I saw an interview question on the Internet a few days ago. It is quite interesting and I will study it in detail. I will post this question here to discuss with you.

A building has 100 floors. You have two identical glass beads in your hand. When you throw the glass beads down a layer, there will be two results: the glass beads are broken or not broken. This building has a critical floor.
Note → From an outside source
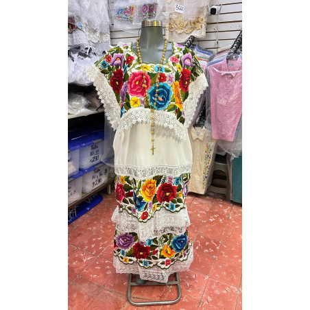 Terno de tela de algodón con bordado matizado, encaje inglés en solapa. Largo: 150 cm, Ancho: 62 cm.
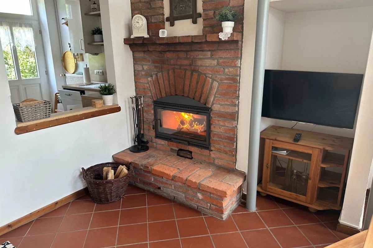 Die ca. 75m2 grosse Ferienwohnung Mühlenblick bietet Platz für 2 Erwachsene, 2 Kinder bis 16 Jahre (Etagenbett 90x200 und 90x180cm) und ein Baby/Kleinkind. Im Erdgeschoss befindet sich der Wohn- und Essbereich mit Durchreiche zur Küche. Blickfang dort ist der gemauerte offene Kamin, der behagliche Atmosphäre auch an kühleren Abenden garantiert.

Lower than its floor, throwing glass beads down, glass beads will not be broken, equal to or higher than its floor, drop glass beads, glass beads will be broken. If the glass beads are broken, they cannot be thrown. Now, let's design a way to minimize the number of times in the worst case than in any other way. That is, design the most effective way.

For example, there is such a method: The first time you choose to throw at the 60th floor. If it is broken, it means that the critical point is at the 60th floor or below, and there is only one bead, the rest can only be from the first layer, the first layer to the experiment, the worst case, to experiment 59 times, plus the first time, a total of 60 times. If it is not broken, you only need to try it from the 61-layer, up to 40 times, plus a total of 41 times. The one with the most values in the two cases. Therefore, in the worst case, try 60 times.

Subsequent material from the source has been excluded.